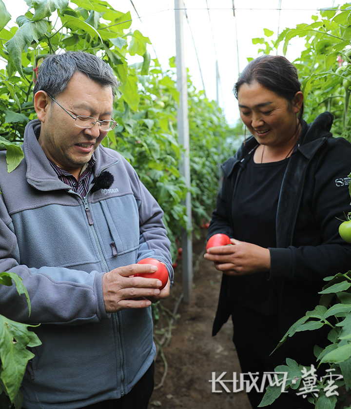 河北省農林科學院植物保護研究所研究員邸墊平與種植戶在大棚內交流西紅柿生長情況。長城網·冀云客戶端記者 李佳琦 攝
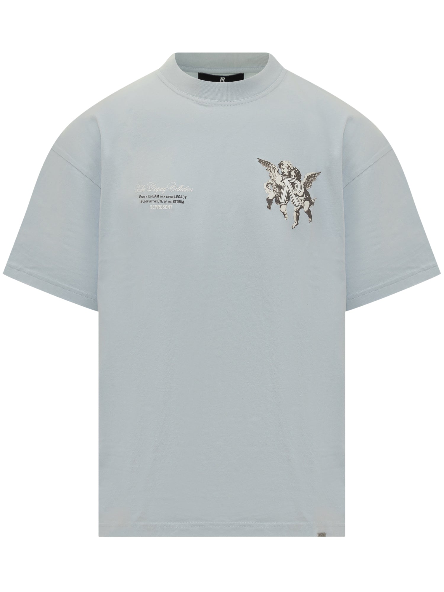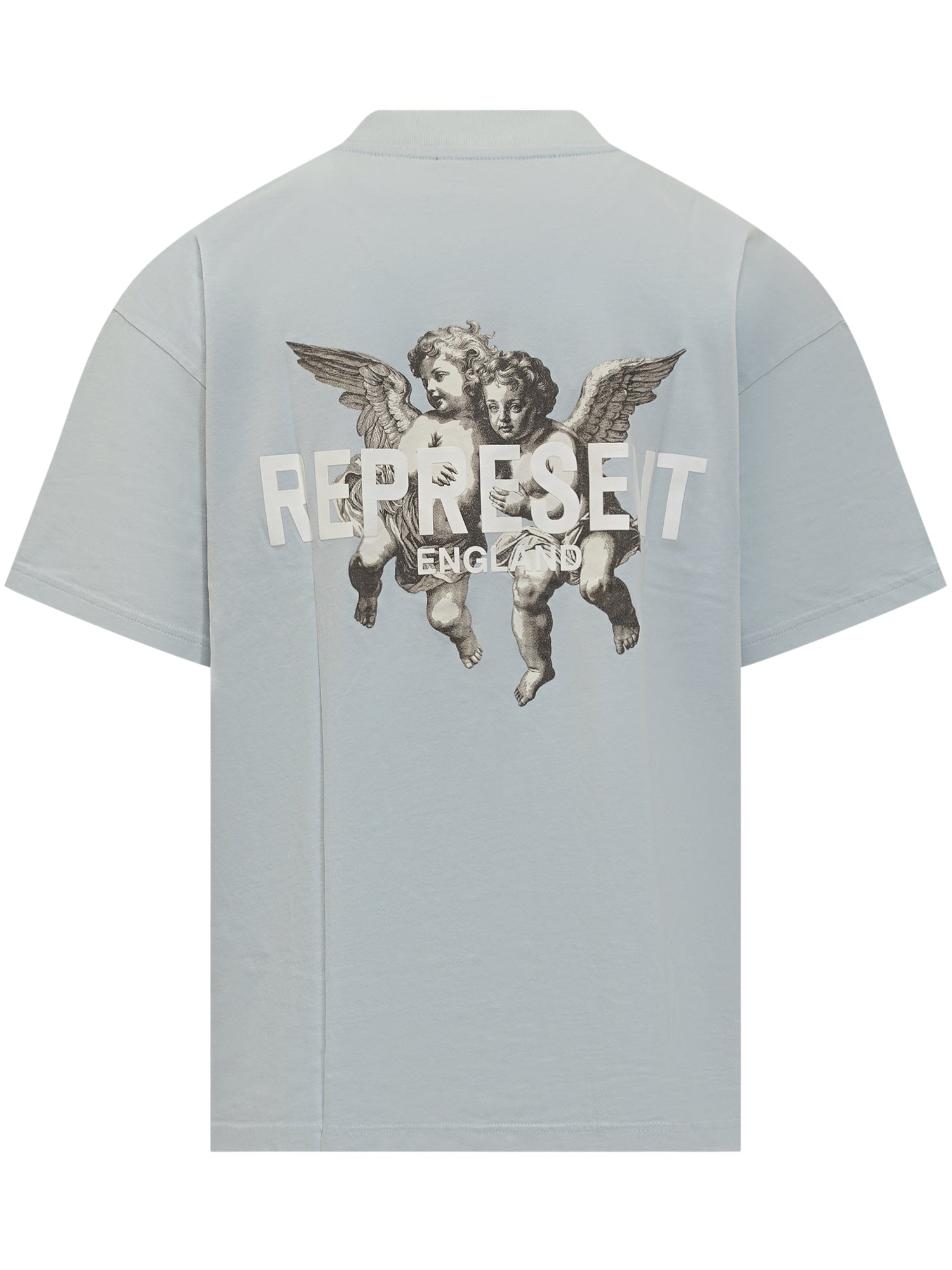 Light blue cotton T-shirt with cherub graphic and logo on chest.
* * * * *
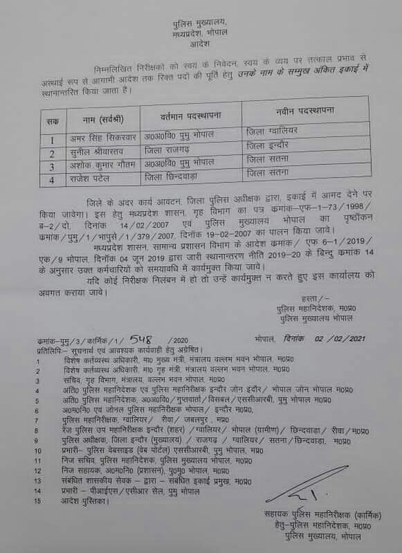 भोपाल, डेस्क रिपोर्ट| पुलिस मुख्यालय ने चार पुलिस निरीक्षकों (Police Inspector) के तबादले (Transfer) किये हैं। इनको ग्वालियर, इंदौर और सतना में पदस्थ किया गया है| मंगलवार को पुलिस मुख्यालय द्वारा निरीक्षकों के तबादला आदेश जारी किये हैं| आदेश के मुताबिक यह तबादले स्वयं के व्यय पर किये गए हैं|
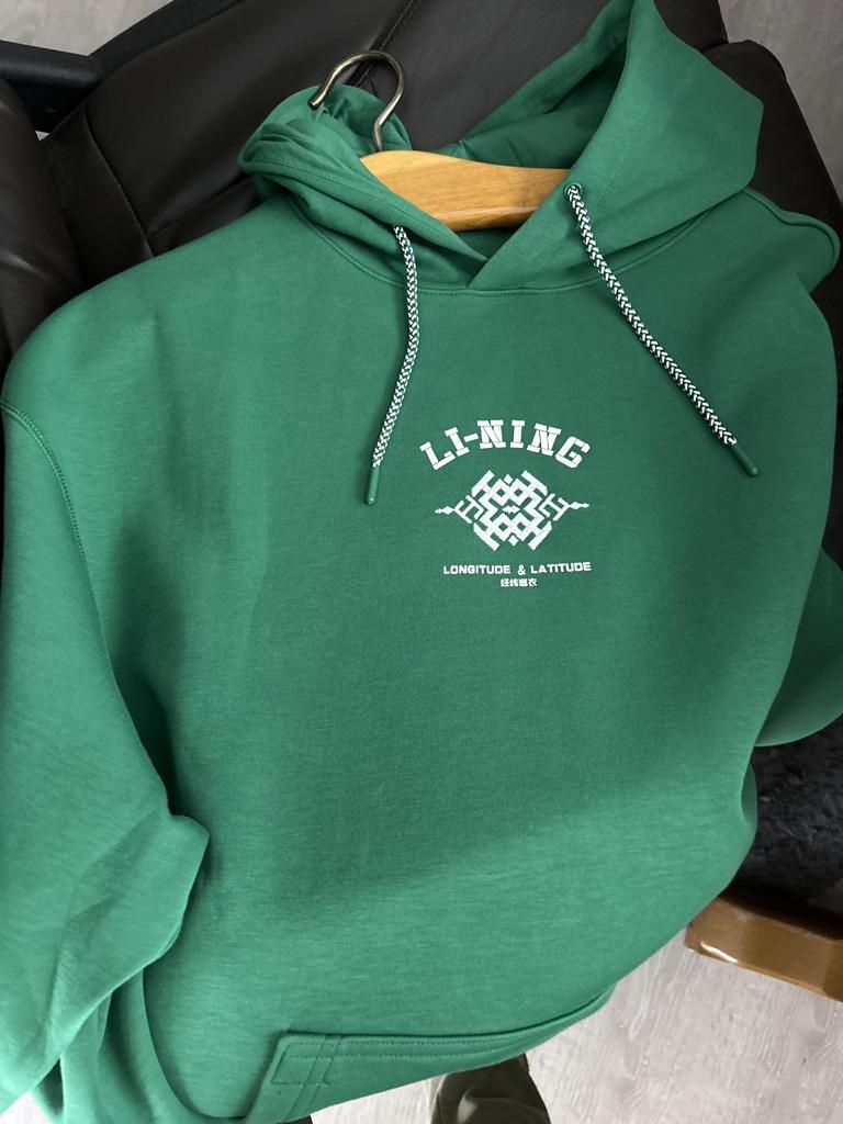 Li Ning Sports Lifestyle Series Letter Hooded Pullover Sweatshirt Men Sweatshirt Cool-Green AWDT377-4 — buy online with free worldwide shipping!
* * * * *
**Task item**:
Please output, exactly as written, the lines above from the one holding "河北省農林科學院植物保護研究所研究員邸墊平與種植戶在大棚內交流西紅柿生長情況。長城網·冀云客戶端記者 李佳琦 攝" through the one holding "Light blue cotton", both included, with the pictures omitted.

**Solution for this exercise**:
 河北省農林科學院植物保護研究所研究員邸墊平與種植戶在大棚內交流西紅柿生長情況。長城網·冀云客戶端記者 李佳琦 攝
 Light blue cotton T-shirt with cherub graphic and logo on chest.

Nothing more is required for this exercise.